(Extracted records)
════
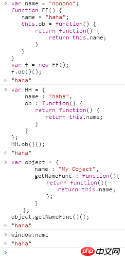 在第一个FF函数中变成haha的 之后的this均为window对象
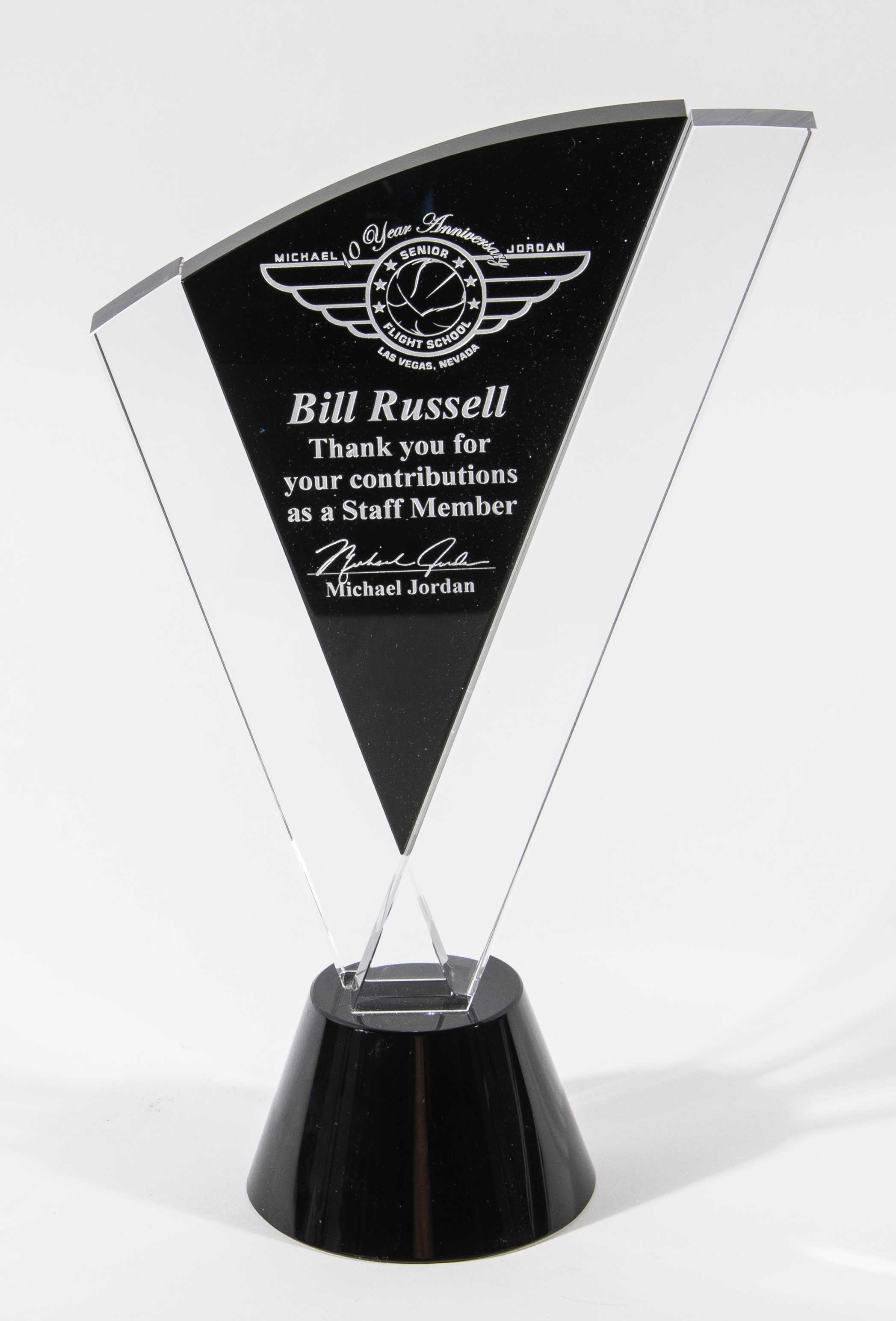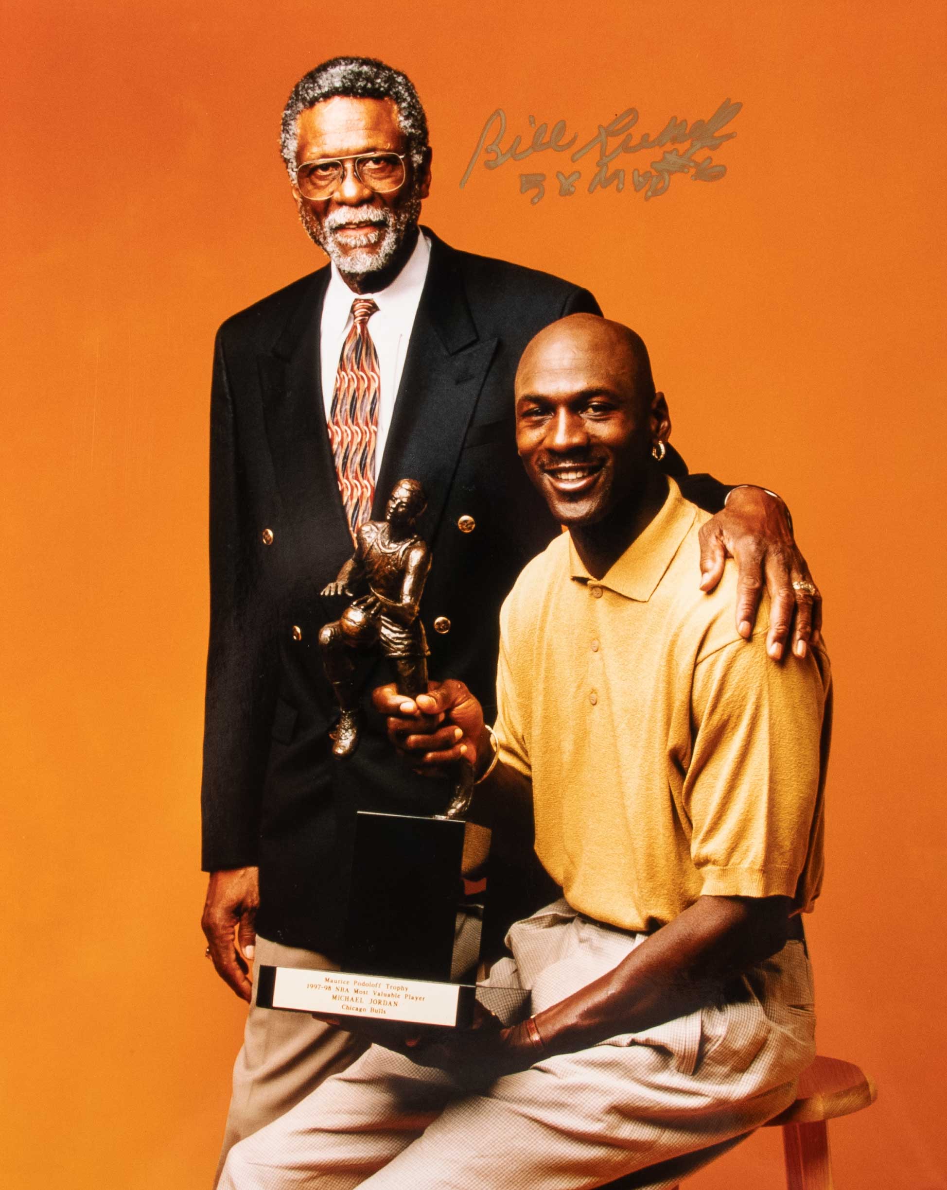 Description:Bill Russell presentational Michael Jordan Flight School award with related autographed photograph. Figural glass and onyx award as presented to Russell by Jordan as a staff member at Senior Flight School on the occasion of it's 10th anniversary. Award stands 12" tall inscribed with facsimile signature of Jordan and retains its original blue velvet hinged lid case. The award is accompanied by 8"x10" photo of both Jordan and Russell which has been signed by Russell in gold adding "5X MVP". includes auction LOA from JSA (signature) and certificate of provenance from Bill Russell: NM
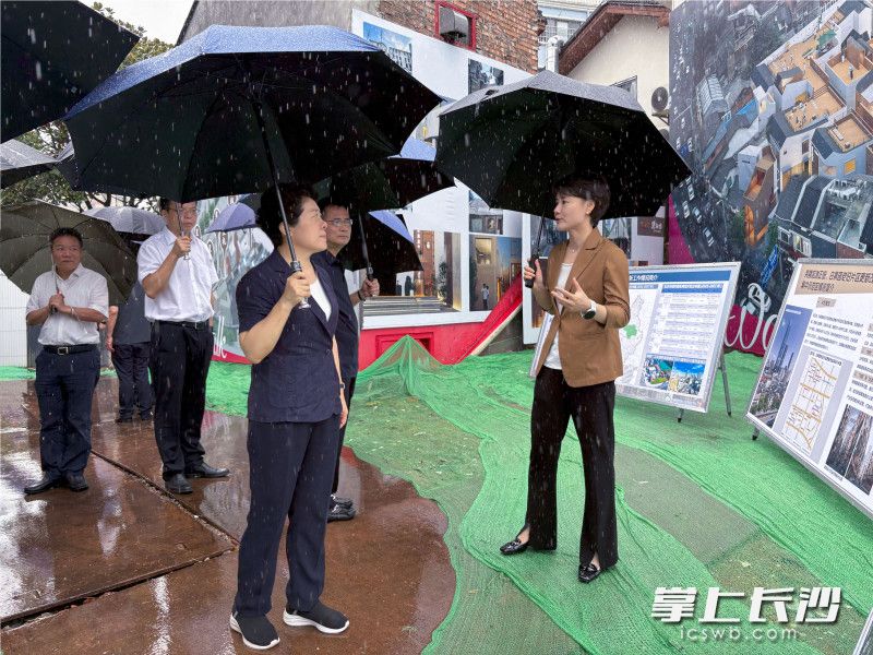 7月22日,省委常委、市委书记吴桂英调研城市更新和城中村改造工作,来到开福区潘家坪路排水管道及附属设施项目现场。
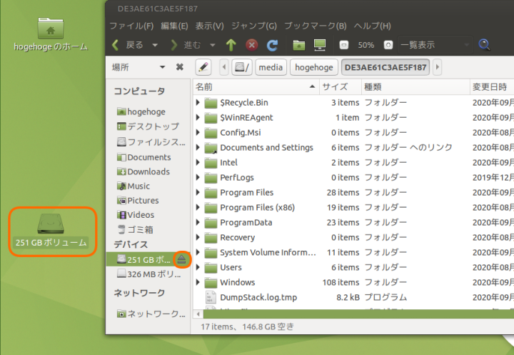 普段デュアルブートのLinuxを使う場面も多い私としては、LinuxからWindows10のパーティションに置かれているファイルを取り出したい時にWindows10で起動し直してファイルをFTPとかUSBメモリ経由でコピーしてといった作業はせず、必要に応じてLinuxからパーティションをマウントしています。
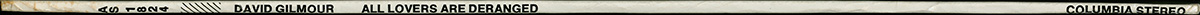 Test Pressing: A one-sided test pressing was made of All Lovers Are Deranged. The 12-inch acetate was cut on January 19, 1984 by The Mastering Lab in Los Angeles, California, on behalf of Columbia Records. White Mastering Lab label with song, date and artist typed in, as well as the words "Stereo Ref." White The Mastering Lab cover.
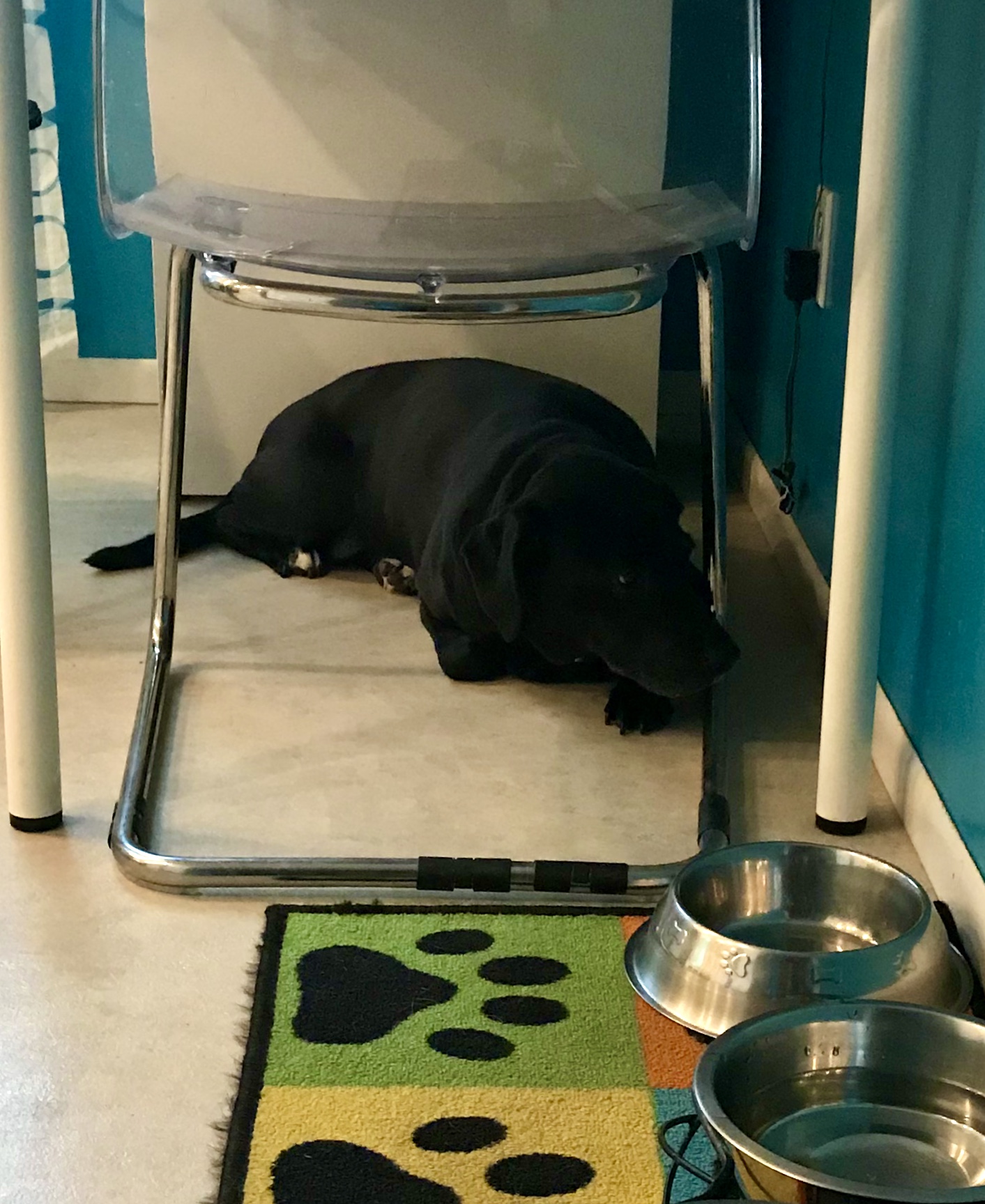 Louise hides under any table or desk that she can find, but nothing seems to work for long. This is not good when you have multiple animals with Noisephobia. I am really starting to hate the 4th of July and summer storms.
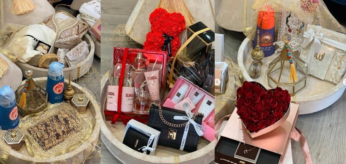 تكون الهدية عبارة عن ملابس جديدة متنوعة + الحناء + مختلف الفواكه الجافة + تمر + وسكر و مجوهرات تكون مرتبة بطريقة منظمة عند متخصصين في الطيافر و تكون محملة بالأثواب ذات الأوان الزاهية لخياطة البسة العروس التي ترتديها ليلة العرس اضافة إلى اقمشة اخرى لخياطة الجلباب ، أيضا ما يسمى “الشرابيل” والأحذية وملابس النوم والملابس الداخلية والروائح والشنط وأطقم الذهب وصواني مملوءة عن آخرها بأكياس من الحناء والتمر المحشي باللوز الملون. بالإضافة الى صواني مملوءة بالحلويات والحليب بالإضافة الى كيس كبير من السكر.
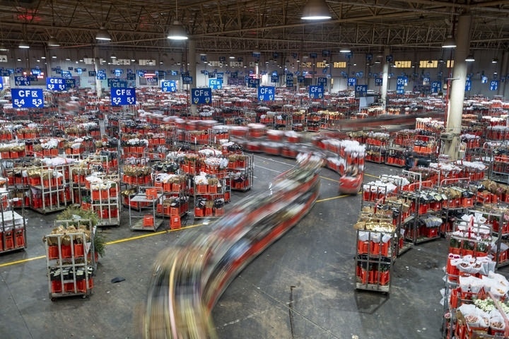 2023年1月31日,臺(tái)車在昆明國(guó)際花卉拍賣交易中心運(yùn)輸鮮花。新華社記者 陳欣波 攝
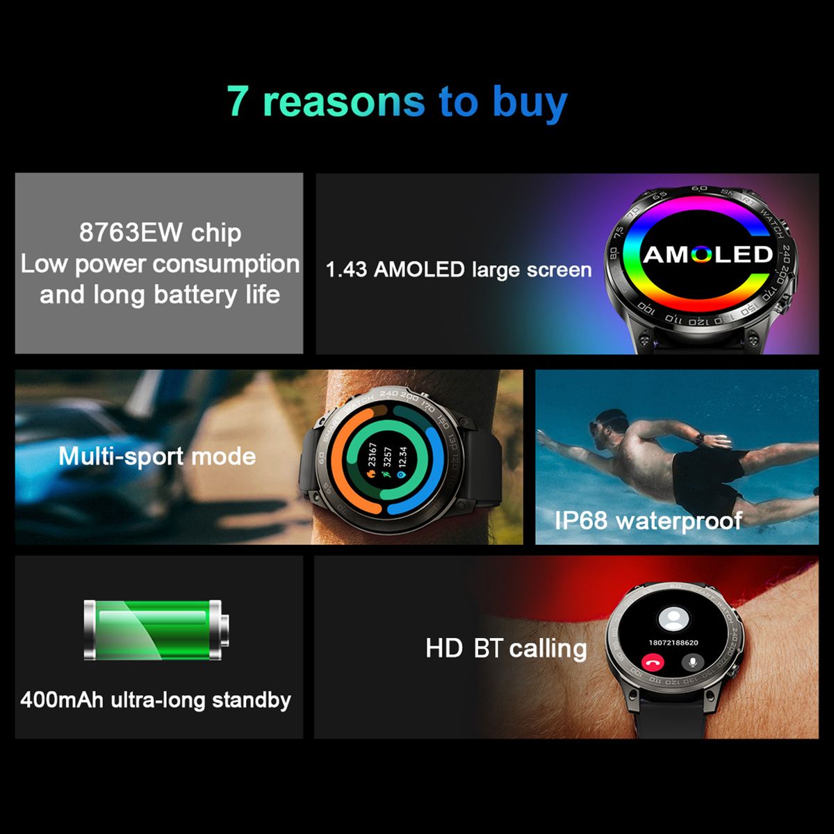 ▶ Fine Workmanship. Equipped with 1.43icnhes AMOLED screen, HD display with touch control function, 466*466px unprecedented visual clarity, providing you with a precise and clear experience anytime and anywhere. You can choose different themes of Watch Faces from the App.
════
▶ PROBLEM
The copy must match every line of the data exactly and contain no pictures.

▶ YOUR RESPONSE
 在第一个FF函数中变成haha的 之后的this均为window对象
 Description:Bill Russell presentational Michael Jordan Flight School award with related autographed photograph. Figural glass and onyx award as presented to Russell by Jordan as a staff member at Senior Flight School on the occasion of it's 10th anniversary. Award stands 12" tall inscribed with facsimile signature of Jordan and retains its original blue velvet hinged lid case. The award is accompanied by 8"x10" photo of both Jordan and Russell which has been signed by Russell in gold adding "5X MVP". includes auction LOA from JSA (signature) and certificate of provenance from Bill Russell: NM
 7月22日,省委常委、市委书记吴桂英调研城市更新和城中村改造工作,来到开福区潘家坪路排水管道及附属设施项目现场。
 普段デュアルブートのLinuxを使う場面も多い私としては、LinuxからWindows10のパーティションに置かれているファイルを取り出したい時にWindows10で起動し直してファイルをFTPとかUSBメモリ経由でコピーしてといった作業はせず、必要に応じてLinuxからパーティションをマウントしています。
 Test Pressing: A one-sided test pressing was made of All Lovers Are Deranged. The 12-inch acetate was cut on January 19, 1984 by The Mastering Lab in Los Angeles, California, on behalf of Columbia Records. White Mastering Lab label with song, date and artist typed in, as well as the words "Stereo Ref." White The Mastering Lab cover.
 Louise hides under any table or desk that she can find, but nothing seems to work for long. This is not good when you have multiple animals with Noisephobia. I am really starting to hate the 4th of July and summer storms.
 تكون الهدية عبارة عن ملابس جديدة متنوعة + الحناء + مختلف الفواكه الجافة + تمر + وسكر و مجوهرات تكون مرتبة بطريقة منظمة عند متخصصين في الطيافر و تكون محملة بالأثواب ذات الأوان الزاهية لخياطة البسة العروس التي ترتديها ليلة العرس اضافة إلى اقمشة اخرى لخياطة الجلباب ، أيضا ما يسمى “الشرابيل” والأحذية وملابس النوم والملابس الداخلية والروائح والشنط وأطقم الذهب وصواني مملوءة عن آخرها بأكياس من الحناء والتمر المحشي باللوز الملون. بالإضافة الى صواني مملوءة بالحلويات والحليب بالإضافة الى كيس كبير من السكر.
 2023年1月31日,臺(tái)車在昆明國(guó)際花卉拍賣交易中心運(yùn)輸鮮花。新華社記者 陳欣波 攝
 ▶ Fine Workmanship. Equipped with 1.43icnhes AMOLED screen, HD display with touch control function, 466*466px unprecedented visual clarity, providing you with a precise and clear experience anytime and anywhere. You can choose different themes of Watch Faces from the App.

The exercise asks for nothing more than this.